To prepare the text data for the model building we perform text preprocessing. It is the very first step of NLP projects.

## Import necessary libraries

In [1]:
import pandas as pd
import nltk
from nltk import word_tokenize
from nltk.corpus import stopwords
from nltk.stem import PorterStemmer
from nltk.stem import WordNetLemmatizer
from nltk import pos_tag

## Download necessary resources

In [2]:
nltk.download('punkt')
nltk.download('stopwords')
nltk.download('averaged_perceptron_tagger')
nltk.download('wordnet')

[nltk_data] Downloading package punkt to
[nltk_data]     C:\Users\badhei\AppData\Roaming\nltk_data...
[nltk_data]   Unzipping tokenizers\punkt.zip.
[nltk_data] Downloading package stopwords to
[nltk_data]     C:\Users\badhei\AppData\Roaming\nltk_data...
[nltk_data]   Unzipping corpora\stopwords.zip.
[nltk_data] Downloading package averaged_perceptron_tagger to
[nltk_data]     C:\Users\badhei\AppData\Roaming\nltk_data...
[nltk_data]   Unzipping taggers\averaged_perceptron_tagger.zip.
[nltk_data] Downloading package wordnet to
[nltk_data]     C:\Users\badhei\AppData\Roaming\nltk_data...


True

## Define file paths

In [3]:
raw_data_path = 'datasets/raw_data.csv'
preprocessed_data_path = 'preprocessed_data.csv'

## Load raw data into a Pandas dataframe

In [4]:
raw_data = pd.read_csv(raw_data_path)

## Tokenize text

It is the process of breaking down a given text into smaller units such as words or sentences.

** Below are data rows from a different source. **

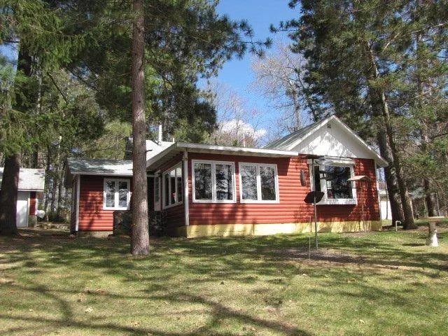 Very impressive log style two bedroom two bath lake cabin with two garages. Nice slope to the 160 feet of sand bottom west facing lake frontage on a great lake. Interior walls are very impressive older style vertical knotty pine hand rubbed waxed. All of this comes with a real stone faced fireplace, dining and living rooms are lake side for a very great view of the lake and the sunsets. This is really a place to see in order to appreciate it.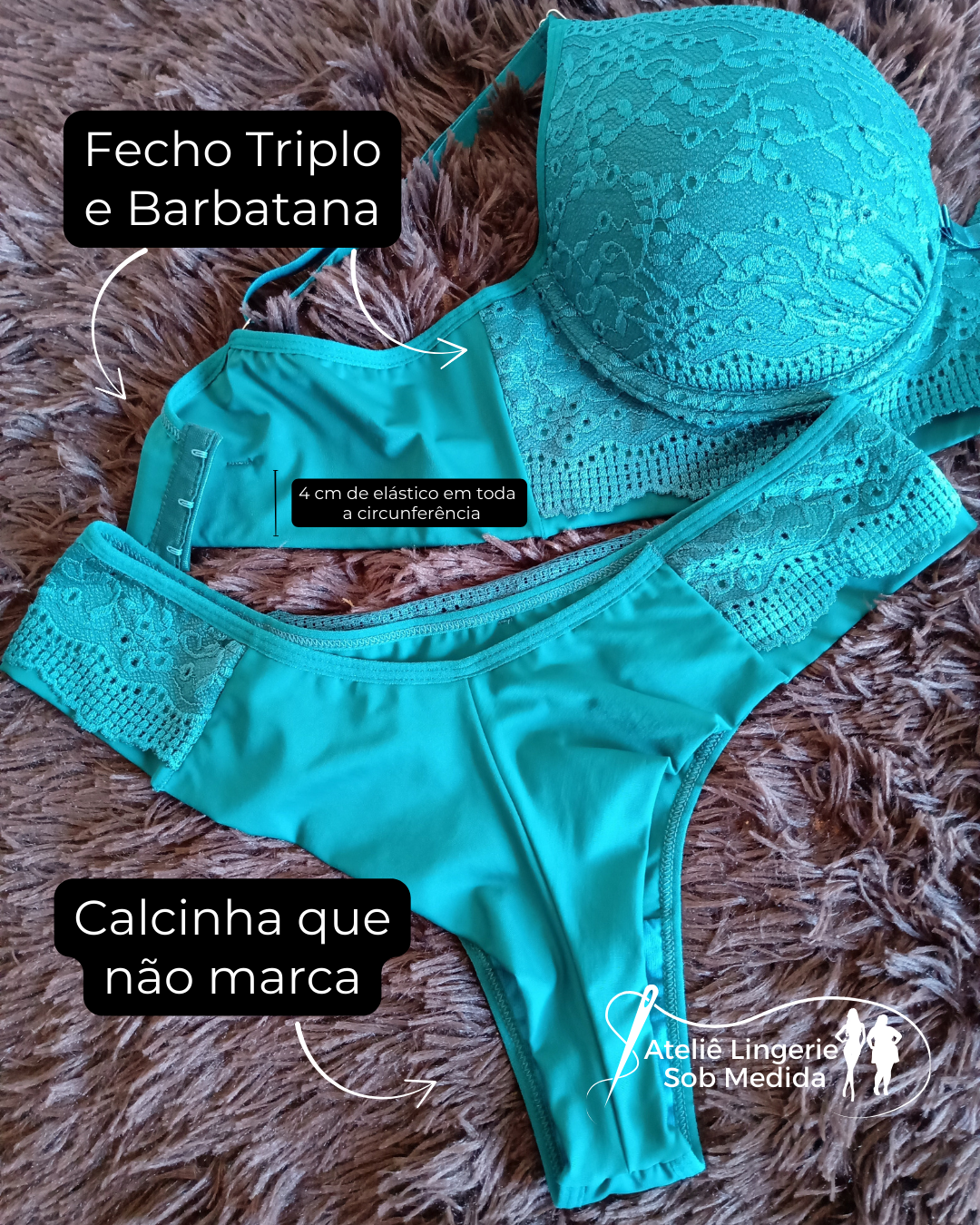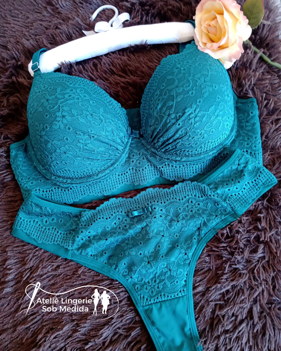Se você procura um conjunto de lingerie que una sofisticação, caimento perfeito e conforto absoluto, este modelo em verde esmeralda é a escolha ideal.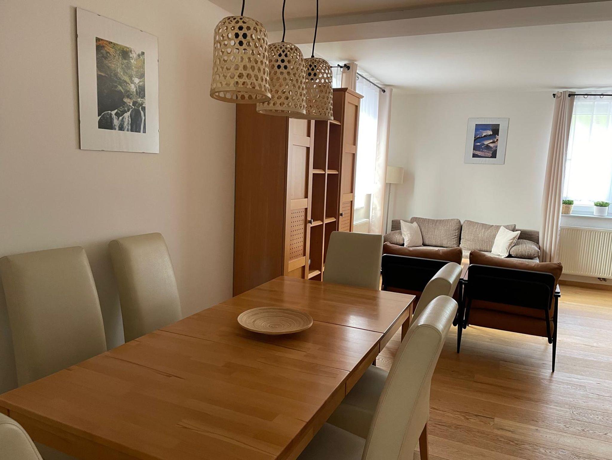 Unser Appartement im Erdgeschoss bietet optimalen Platz für 1-6 Personen. Das gemütliche Wohnzimmer mit Küche, Schlafsofa, Esstisch und Fernseher lädt zum Verweilen ein. Die komplett ausgestattete Küche mit Geschirrspüler, Kühlschrank und Mikrowelle lässt keine Wünsche offen. Die Ferienwohnung verfügt über ein Schlafzimmer mit einem Doppelbett und einem weiterem Schlafsofa. Das geräumige Badezimmer mit Badewanne, Fön, Waschbecken und separatem WC rundet das Gesamtbild ab Die Wohnung verfügt über einen hochwertigen Holzboden. Ebenso steht Ihnen ein kostenloser Parkplatz zur Verfügung. In der hauseigene Skischule und im Verleih gibt es für unsere Gäste Ermäßigungen. Im Almcafe das nur 180 m entfernt ist, werden Sie auf Wunsch mit einem Frühstück verwöhnt.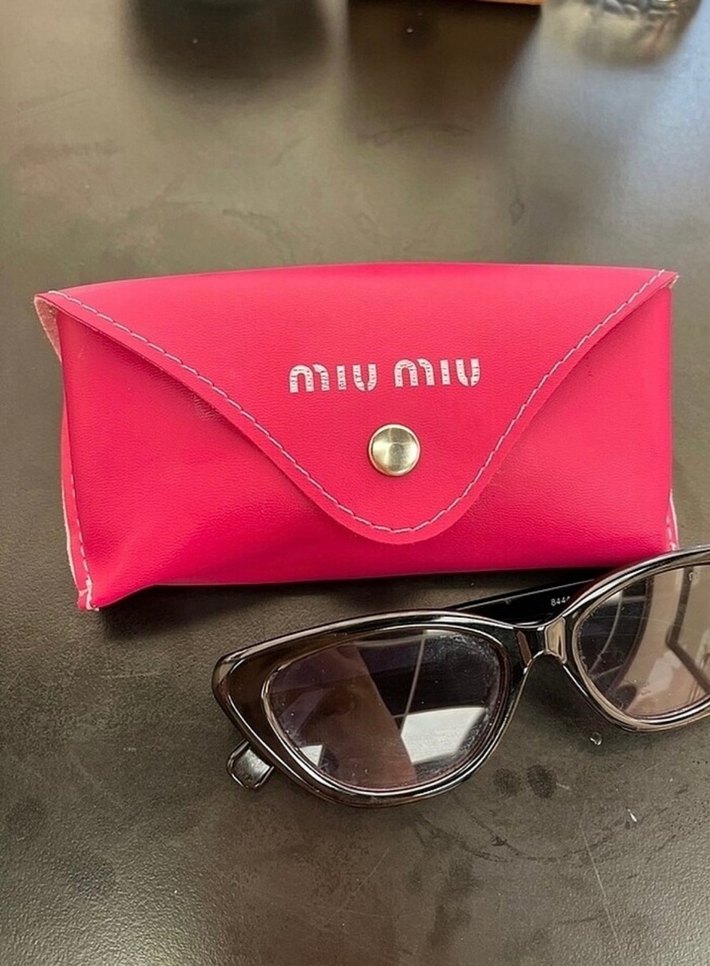 Parlak siyah Miu Miu kadın gözlük, koyu renkli camlarla , fakat sağ iç tarafa yapıştırıcı döküldü o yüzden uygun fiyata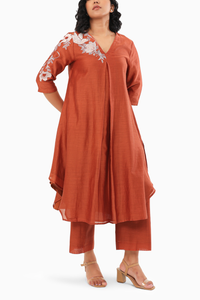 Fabric- Chanderi Silk Color- Rust Details- ThreadWork Fit- Regular Fit Components- 2 Product Code- SVEORIGWF-24-5CO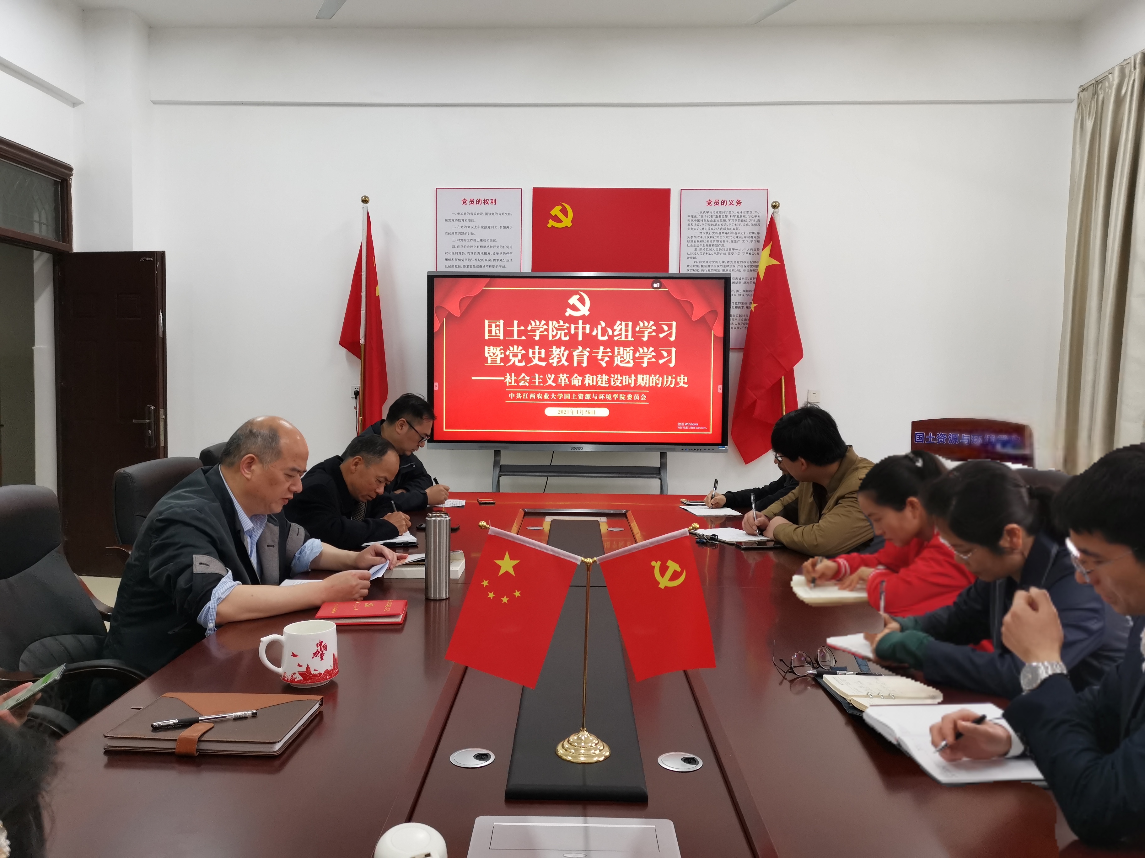 4月26日,国土学院党委召开理论中心组暨党史学习教育专题学习——社会主义革命和建设时期的历史。国土学院党委委员、各党支部书记、系主任参加会议,副院长周春火、江西省鄱阳湖流域农业资源与生态重点实验室副主任郭熙、工会主席肖远东列席会议,会议由院党委书记郭旭主持。

The resulting units are called tokens, and they can be further analyzed to extract meaning, sentiment, or other insights from the text. Tokenization is a critical step in many NLP tasks, since the meaning of a text can often be inferred from the individual units that make it up.

In [5]:
def tokenize_text(text):
    return word_tokenize(text)

## Remove stopwords from tokenized text

Stop words are a set of commonly used words in a language. Examples of stop words in English are “a”, “the”, “is”, “are” and etc. The intuition behind using stop words is that, by removing low information words from text, we can focus on the important words instead.

In [6]:
def remove_stopwords(tokens):
    stop_words = set(stopwords.words('english'))
    return [token for token in tokens if token.lower() not in stop_words]

## Apply stemming to tokens

Stemming is the process of reducing inflection in words (e.g. troubled, troubles) to their root form (e.g. trouble). The “root” in this case may not be a real root word, but just a canonical form of the original word.

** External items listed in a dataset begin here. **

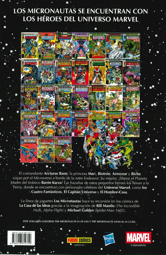 Desde el Microverso, llega el Omnibus que nunca creíste que llegara a existir. En 1979, Bill Mantlo y Michael Golden lanzaron una serie diferente a todas las demás, integrada en el Universo Marvel al tiempo que tenía lugar en un mundo lejano habitado por los más increíbles héroes y los más oscuros villanos: el Microverso. Los Micronautas recorren su hogar mientras luchan por liberarlo del tiránico Barón Karza. Sus hazañas también los conducirán a la Tierra, donde se encontrarán en el camino de Los 4 Fantásticos, SHIELD, el Capitán Universo y el Hombre-Cosa. ¡Esta edición ofrece una impresionante restauración, con las páginas de correo de lectores, publicidades de la época, arte original y mucho más! Por Bill Mantlo, Michael Golden, Howard Chaykin, Pat Broderick y Steve Ditko.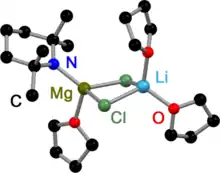 Knochel et al. proposed that LiCl increases the reactivity of Turbo-Grignard compounds RMgCl·LiCl (R = alkyl, aryl or vinyl) by giving the reactive bimetallic monomer a magnesiate character in sense of a solvent separated ion pair (SSIP) [Li(THF)4]+ [RMg(THF)Cl2]−.[1][11] In case of the above mentioned Turbo-Hauser bases where the alkyl group of a Grignard is replaced by an amido group (R = R'2N−) this hypothesis could not be confirmed because no SSIP [Li(THF)4]+ was detectable.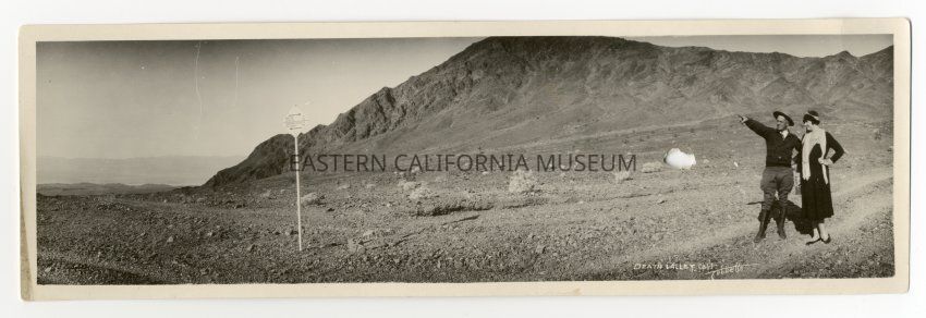 Panorama photo of a man and woman standing near a road sign in Death Valley. The sign has directions and distances to water, Beatty, Emigrant Springs, and Ballarat. There is a cardboard sign on the ground below it that says "Stove Pipe Wells Bungalette City." The photo is titled, "Death Valley, Calif." and the photographer is Tebbetts.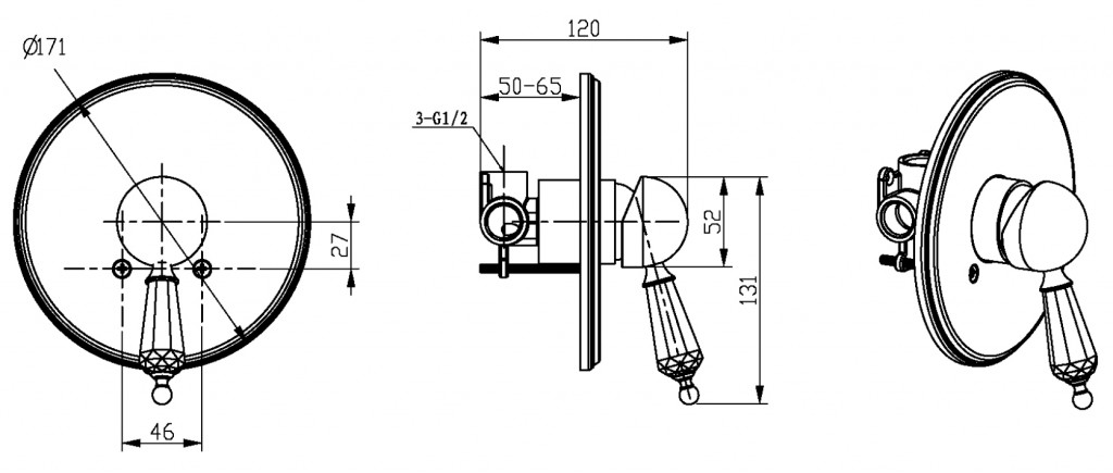 Комплектация: смеситель, комплект крепления, декоративная панель, ручка;

Stemming uses a crude heuristic process that chops off the ends of words in the hope of correctly transforming words into its root form.

In [7]:
def apply_stemming(tokens):
    stemmer = PorterStemmer()
    return [stemmer.stem(token) for token in tokens]

## Apply lemmatization to tokens

Lemmatization on the surface is very similar to stemming, where the goal is to remove inflections and map a word to its root form. The only difference is that, lemmatization tries to do it the proper way. It doesn’t just chop things off, it actually transforms words to the actual root. For example, the word “better” would map to “good”. It may use a dictionary such as WordNet for mappings or some special rule-based approaches.

In [8]:
def apply_lemmatization(tokens):
    lemmatizer = WordNetLemmatizer()
    return [lemmatizer.lemmatize(token) for token in tokens]

## Apply part-of-speech tagging to tokens

Part-of-speech (POS) tagging is the process of automatically determining the grammatical category and linguistic function of each word in a given text. This is an important task in Natural Language Processing (NLP) that helps to identify the structure and meaning of a sentence. In general, POS tagging involves labeling each word in a text with its corresponding part of speech, such as noun, verb, adjective, adverb, pronoun, preposition, conjunction, or interjection. 

In [9]:
def apply_pos_tagging(tokens):
    return pos_tag(tokens)

## Preprocess text

In [10]:
def preprocess_text(text):
    tokens = tokenize_text(text)
    tokens = remove_stopwords(tokens)
    tokens = apply_stemming(tokens)
    tokens = apply_lemmatization(tokens)
    tokens = apply_pos_tagging(tokens)
    return tokens

## Preprocess the raw data

In [11]:
preprocessed_data = raw_data['text'].apply(preprocess_text)

## Save preprocessed data to disk

In [12]:
preprocessed_data.to_csv(preprocessed_data_path, index=False)